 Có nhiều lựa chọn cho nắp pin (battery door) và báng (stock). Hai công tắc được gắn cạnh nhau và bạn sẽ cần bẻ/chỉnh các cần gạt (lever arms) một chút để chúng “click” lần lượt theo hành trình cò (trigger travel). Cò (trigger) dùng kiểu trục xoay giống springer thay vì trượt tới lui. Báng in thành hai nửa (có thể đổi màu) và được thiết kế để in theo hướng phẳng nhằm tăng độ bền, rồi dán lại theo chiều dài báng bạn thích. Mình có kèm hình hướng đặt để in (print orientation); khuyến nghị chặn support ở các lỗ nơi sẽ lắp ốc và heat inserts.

* * *

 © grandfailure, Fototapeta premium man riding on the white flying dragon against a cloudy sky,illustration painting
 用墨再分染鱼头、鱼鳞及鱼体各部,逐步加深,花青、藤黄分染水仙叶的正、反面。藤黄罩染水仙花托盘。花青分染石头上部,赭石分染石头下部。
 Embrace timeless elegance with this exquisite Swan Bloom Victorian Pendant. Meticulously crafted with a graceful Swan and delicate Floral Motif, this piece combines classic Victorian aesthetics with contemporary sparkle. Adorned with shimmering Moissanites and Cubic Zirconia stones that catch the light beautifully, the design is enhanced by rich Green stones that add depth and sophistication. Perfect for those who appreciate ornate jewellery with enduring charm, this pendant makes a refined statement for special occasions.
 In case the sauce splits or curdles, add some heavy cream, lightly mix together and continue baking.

• [WHAT TO DO]: Your answer must be the lines above from the one containing "cloudy sky,illustration painting" to the one containing "In case the", both included, restated word for word.

• [TASK ANSWER]:
 © grandfailure, Fototapeta premium man riding on the white flying dragon against a cloudy sky,illustration painting
 用墨再分染鱼头、鱼鳞及鱼体各部,逐步加深,花青、藤黄分染水仙叶的正、反面。藤黄罩染水仙花托盘。花青分染石头上部,赭石分染石头下部。
 Embrace timeless elegance with this exquisite Swan Bloom Victorian Pendant. Meticulously crafted with a graceful Swan and delicate Floral Motif, this piece combines classic Victorian aesthetics with contemporary sparkle. Adorned with shimmering Moissanites and Cubic Zirconia stones that catch the light beautifully, the design is enhanced by rich Green stones that add depth and sophistication. Perfect for those who appreciate ornate jewellery with enduring charm, this pendant makes a refined statement for special occasions.
 In case the sauce splits or curdles, add some heavy cream, lightly mix together and continue baking.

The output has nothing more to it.